What to produce ::
Output, exactly as written, the lines below from the one that has "Dračí krev mast" through the one that has "있다.(쌍용차 제공) |"; nothing else, and no pictures.
*** Opening Material to process ***
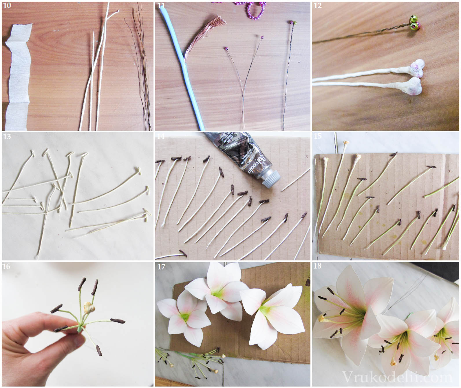 На проволоку друт или палочку закрепляем тычинки. Приклеиваем лепестки.
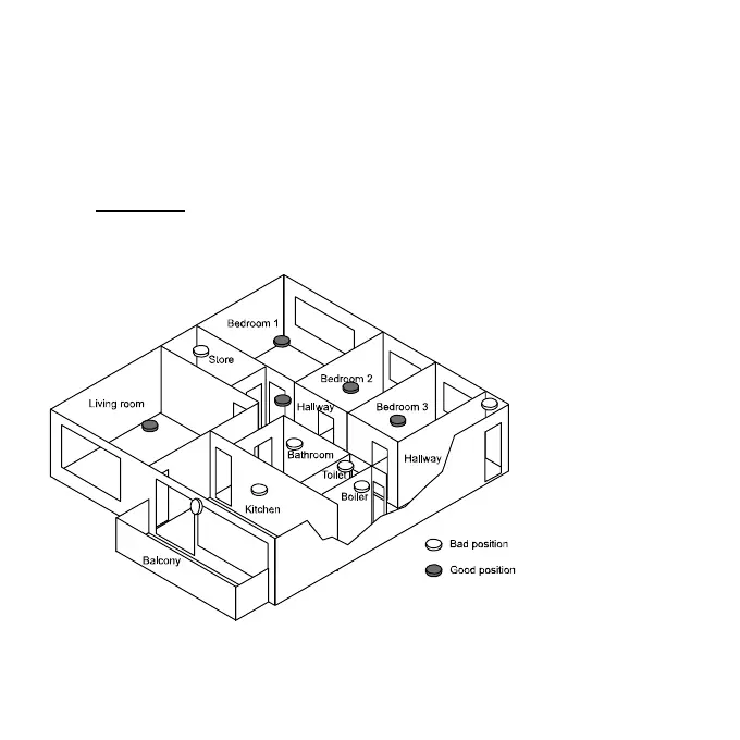 De tre følgende billeder viser gode og dårlige positioner for røgalarmer. Billede 7 viser en lejlighed.
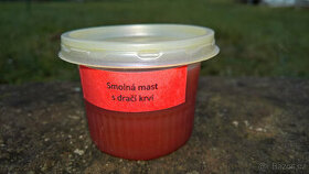 Dračí krev mast nabízím z přebytků.Použit základ smolná mast ve žluté vazelině 50% a lékařské vazelině 50%.Posílám Zásilkovnou na výdejní místo.Platba předem na účet včetně dopravy.Osobní odběr po dohodě.Na SMS nereaguji.
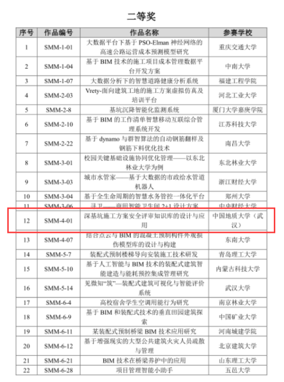 成人网站 工程管理专业与计算机学院师生联合组队参加了首届大赛。团队全体成员以智慧建造为主题,经过四个多月的努力研究与开发,完成了“深基坑施工方案安全评审知识库的设计与应用”作品,在最终的决赛中取得二等奖的好成绩(一等奖10支代表队、二等奖22支代表队)!
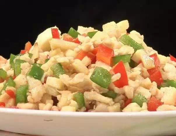 3)将藕丁倒入锅中煸炒2分钟,再依次倒入醋、糖、少许水和盐,继续加热5分钟,撒一点鸡精即可。
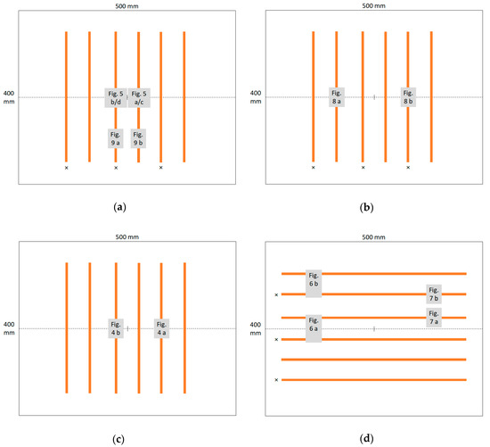 Overview of sample positions (x marks the grounded copper tapes, the dotted line marks the spinning wires): (a) PAN/magnetite spun for 10 min; (b) PAN/magnetite spun for 5 min; (c) pure PAN spun for 10 min; (d) PAN/magnetite spun for 10 min.
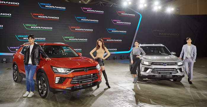▲쌍용차가 26일 신형 코란도를 공식 출시하면서 인천 송도컨벤시아에서 신차발표 및 시승행사를 열었다가 진행됐다. 사진은 코란도 옆에서 모델들이 포즈를 취하고 있다.(쌍용차 제공) |
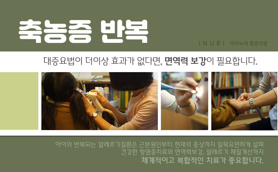 따라서 본 의료인력은 축농증의 증상으로 인해 찾아주실 경우 표면의 불편함만 바라보시는 것이 아니라 몸 깊은 곳에서 다양한 통증을 유발할 수 있는 주요 원인을 찾아내고 이곳에서 관리가 이루어질 수 있도록 정성을 다하고 있습니다. 그래서 코 안쪽의 위화감이 장기화되고 있고, 아이가 통증과 불편을 호소하고 있다면 하루라도 빨리 적절한 대처를 시작해 보십시오.
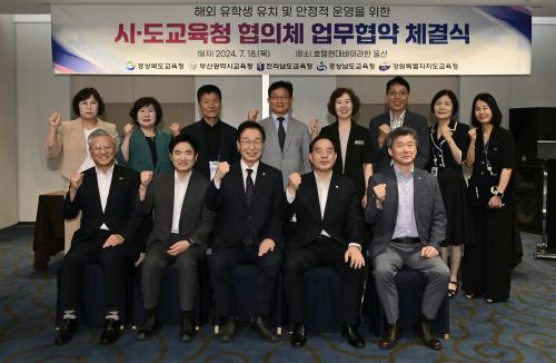 [½Åµ¿¾Æ¹æ¼Û=À̽ŵ¿±âÀÚ] Àü¶ó³²µµ±³À°Ã»(±³À°°¨ ±è´ëÁß)ÀÌ 18ÀÏ È£ÅÚÇö´ë ¹ÙÀÌ ¶óÇÑ ¿ï»ê¿¡¼­ °æºÏ±³À°Ã», °æ³²±³À°Ã», °­¿ø±³À°Ã», ºÎ»ê±³À°Ã» µî 4°³ ±³À°Ã»°ú Áö¼ÓÀûÀÎ ÇØ¿Ü À¯Çлý À¯Ä¡ ¹× °øµ¿ ¼öÇàÀ» À§ÇÑ ¾÷¹«Çù¾àÀ» ü°áÇß´Ù. 5°³ ±³À°Ã»Àº ÀÌ Çù¾àÀ» ÅëÇØ¡¦
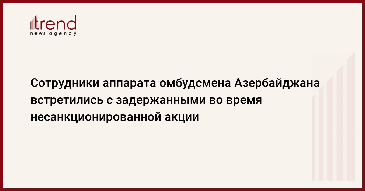 Сотрудники аппарата встретились с лицами, задержанными во время несанкционированной акции 26 января, ознакомились с условиями содержания и обращения с ними, а также документами, подтверждающими правомерность их задержания, сообщили в понедельник Trend в пресс-службе аппарата омбудсмена.
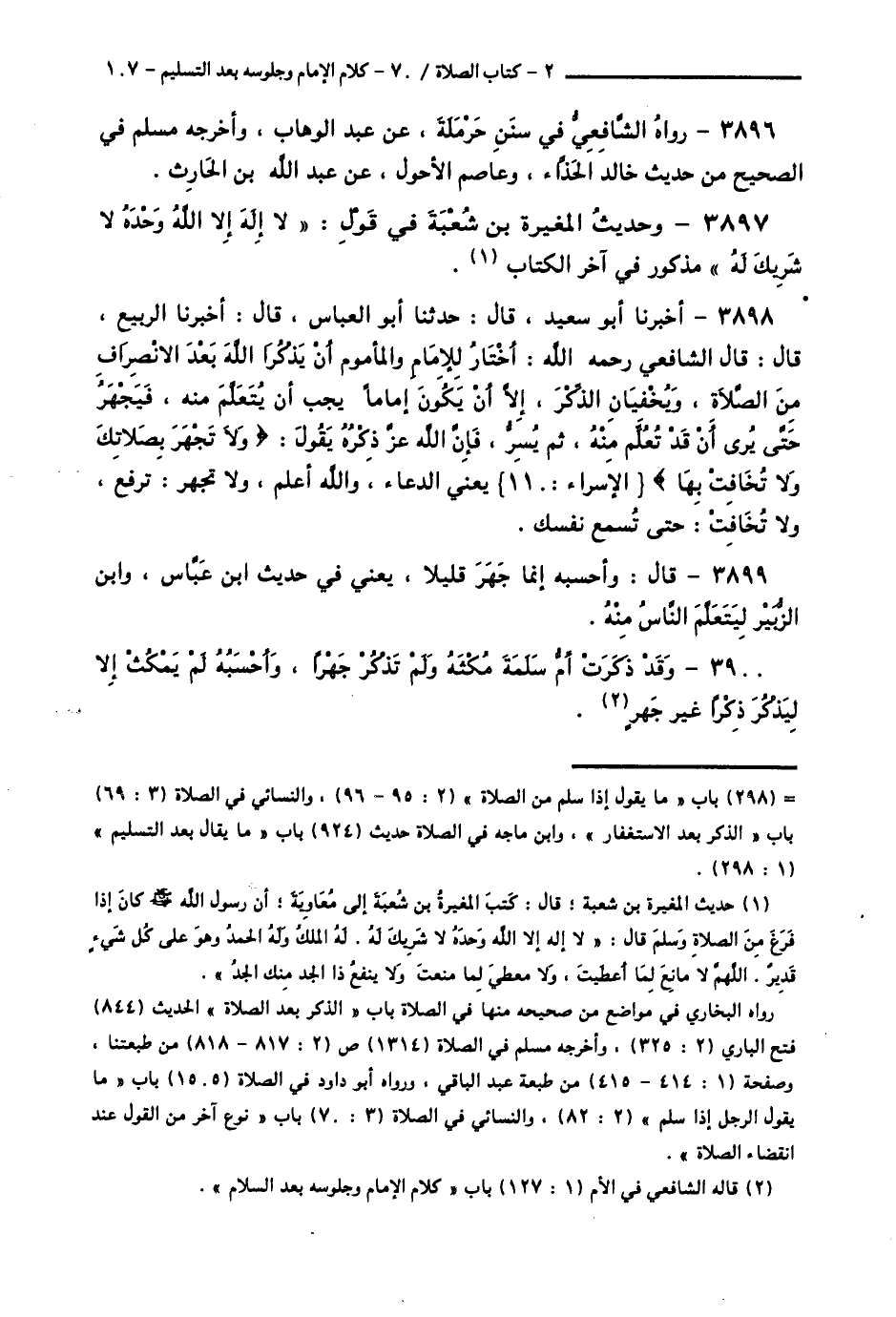 3898 - أَخْبَرَنَا أَبُو سَعِيدٍ قَالَ: حَدَّثَنَا أَبُو الْعَبَّاسِ قَالَ: أَخْبَرَنَا الرَّبِيعُ، قَالَ: قَالَ الشَّافِعِيُّ رَحِمَهُ اللَّهُ: " أَخْتَارُ لِلْإِمَامِ، وَالْمَأْمُومِ أَنْ يَذْكُرَا اللَّهَ، بَعْدَ الِانْصِرَافِ مِنَ الصَّلَاةِ، وَيُخْفِيَانِ الذِّكْرَ، إِلَّا أَنْ يَكُونَ إِمَامًا، يَجِبُ أَنْ يُتَعَلَّمَ مِنْهُ، فَيَجْهَرُ حَتَّى يَرَى أَنْ قَدْ تُعُلِّمَ مِنْهُ، ثُمَّ يُسِرُّ، فَإِنَّ اللَّهَ عَزَّ ذِكْرُهُ، يَقُولُ: {§وَلَا تَجْهَرْ بِصَلَاتِكَ، وَلَا تُخَافِتْ بِهَا} [الإسراء: 110] يَعْنِي الدُّعَاءَ، وَاللَّهُ أَعْلَمُ، وَلَا تَجْهَرْ: تَرْفَعْ، وَلَا تُخَافِتْ: حَتَّى تُسْمِعَ نَفْسَكَ "
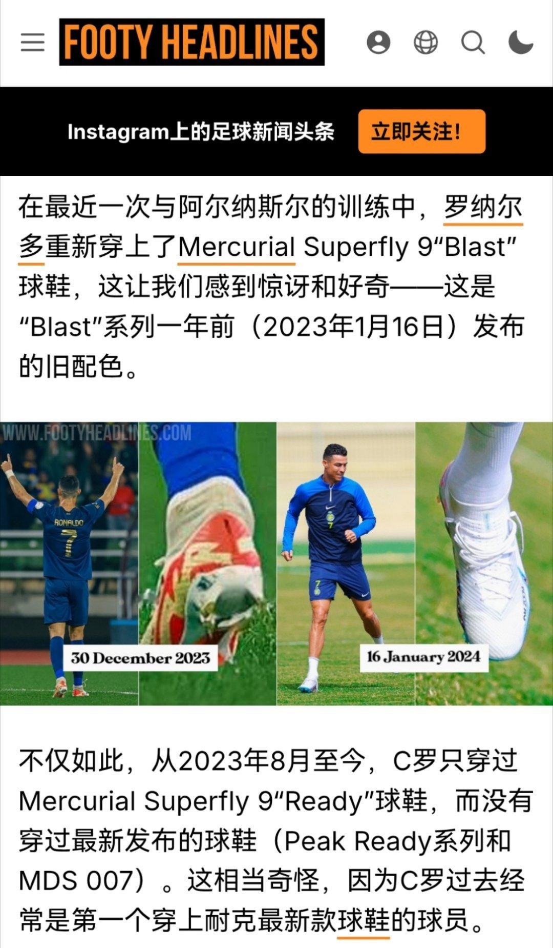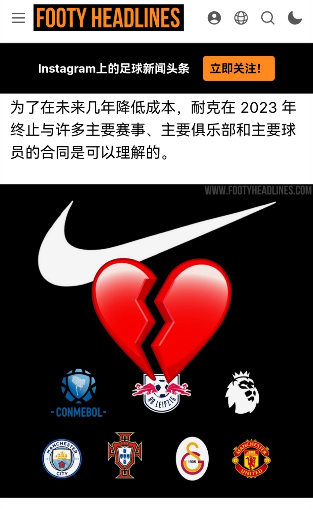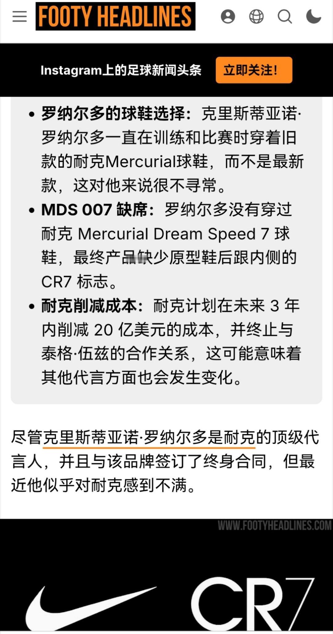 C罗 有关耐克和 C 罗的传闻其实和耐克自身战略规划有问题3 年削减 20 亿开支,大裁员终止以老虎伍兹为首等大批球星的合作关系不断取缔和男足相关领域球队以及联赛的合作说白了,耐克已经不想再玩足球了,继续姆巴佩哈兰德合作只是表明自己暂时还不会退出市场。连英超都不合作了,但是依旧没胆说官宣终止 C 罗的合作,毕竟影响力摆在这,但 C 罗退役后就不好说了,可能 C 罗转投彪马项目,也可能自己做CR7球鞋分支。
*** Closing Material to process ***
Response area ::
 Dračí krev mast nabízím z přebytků.Použit základ smolná mast ve žluté vazelině 50% a lékařské vazelině 50%.Posílám Zásilkovnou na výdejní místo.Platba předem na účet včetně dopravy.Osobní odběr po dohodě.Na SMS nereaguji.
 成人网站 工程管理专业与计算机学院师生联合组队参加了首届大赛。团队全体成员以智慧建造为主题,经过四个多月的努力研究与开发,完成了“深基坑施工方案安全评审知识库的设计与应用”作品,在最终的决赛中取得二等奖的好成绩(一等奖10支代表队、二等奖22支代表队)!
 3)将藕丁倒入锅中煸炒2分钟,再依次倒入醋、糖、少许水和盐,继续加热5分钟,撒一点鸡精即可。
 Overview of sample positions (x marks the grounded copper tapes, the dotted line marks the spinning wires): (a) PAN/magnetite spun for 10 min; (b) PAN/magnetite spun for 5 min; (c) pure PAN spun for 10 min; (d) PAN/magnetite spun for 10 min.
▲쌍용차가 26일 신형 코란도를 공식 출시하면서 인천 송도컨벤시아에서 신차발표 및 시승행사를 열었다가 진행됐다. 사진은 코란도 옆에서 모델들이 포즈를 취하고 있다.(쌍용차 제공) |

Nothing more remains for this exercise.